My favorite right now is those gulp sandworms, I havnt been using them long[just since I got the yak] but I like the way they look in the water and the fish seem to agree, ive had interest in them when the other sps had none.

cheers
Baldy


----------



## Guest (Dec 7, 2007)

> BREAM ARE extremely challenging to people that cant fish


LOL

Of course we all know you are just having a joke ms.

People shouldn't get defensive over a comment like that. (Hopefully they won't anyway) I think it's good to have a laugh here every now and then. We don't want to be too serious here.

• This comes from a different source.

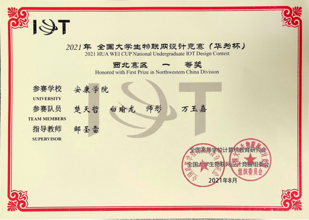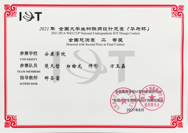 近日,2021年全国大学生物联网设计竞赛(华为杯)全国总决赛在上海紫竹科学园隆重举行。beat365正版唯一官网必一邹圣雷老师指导的学生团队(楚天哲、白瑜龙、师彤、万玉嘉)表现出色,在西北赛区获一等奖入围全国总决赛,最终荣获全国二等奖。

I personally find Bream a little boring having caught so many over the years growing up. Some stonkers too. (No photos as that was before the invention of the digital camera and I didn't own a film camera when I was 6 or 7)
This was mainly all landbased too not out of a Kayak.I used to use a piece of bread mixed in with cotton wool. (back in those days that was my favourite bait of choice) My hand reel was a piece of old stick with line wrapped around it and a rusty old hook.  
I don't catch many Bream these days because I don't fish for them.

Shake and Bake!


----------



## crazyratwoman (Feb 26, 2007)

yr gonna love nambucca then Sel! the buggers are everywhere!!!!


----------



## Rstanek (Nov 5, 2007)

Personally. I think the Rebel crawfish works well for bream. haven't used an sx40 yet, but hoping to get some from the parents for chrissie :lol:

P.S, less :x , and more  . The moderators are only trying to keep the atmosphere friendly, so don't bite their heads off... :lol:

Cheers,
Rowan


----------



## RedPhoenix (Jun 13, 2006)

Unfortunately, due to the change in ownership of this web site and the lack of response by the owners to my requests to remove my email address from all administrative-level notifications and functionality, I have decided to remove my posts on AKFF. Thank you for the great times, the fantastic learning experiences and the many many fish. If you are desperate for the old content of this particular post, it is available below base64 encoded and bzip2 compressed.

Red.

----

QlpoOTFBWSZTWepxQpwAACTfgAAQQIeAECBAEAo//9+gMADZVhipojJo9NPUxTIwJ6hGqP1R5EA0AAAG1IKM0QNpqYJkyaRtHJzLTp3ZX7KDXpmv+Rc0MI5u1bbpyRqUjklUqFSebmY/A7E5qAwyKeqhnW8KDGso5NIpS6zCajZ0tvWG1GLLCbMEXMXnpGZuBY9rHteahwqgJv3N/flGZrXYlwjLF9B92kxiZW5yH6RhBHJidRQETLnOMMdDf4ND9MILOUKwq+7lRBx0iDIBZC03OkRWUo8EYopVhYPTaGjehFAyEv4u5IpwoSHU4oU4


----------



## Sparra (Nov 3, 2007)

I think lb for lb the bream is one of the best fighting fish you can catch..On light gear in around leases they are an extremely good sportfish and will bust you up at any opportunity..I haven't caught one in my kayak yet but can't wait for challenge...I have had good catches of both bream and flathead using Legend Lures but have just started using plastics so still pretty scratchy with them....
Cheers...Sparra


----------



## Guest (Dec 7, 2007)

Thanks Reddy. Wise choice deleting the posts.  You are my favourite Mod. Mild Modding is good Modding  
BTW is your avatar actually you?, there is something about it that reminds me of someone but can't put my finger on it.

Cheers.

Shake and Bake!


----------



## Astro (Nov 27, 2006)

personally i use a wide range of lures both hb and sp but am going to start making my own bucktail jigs.....these are very effective on all types of fish...can be big or small, any colour you like, can be cast, jigged and trolled, very cheap and easy to make....buying myself a vice and stuff for xmas and will something to do when the wet season is upon us...or me at least


----------



## Guest (Dec 7, 2007)

I only use japanese lures, Im selling all my Aussies ones, they don't catch fish for me.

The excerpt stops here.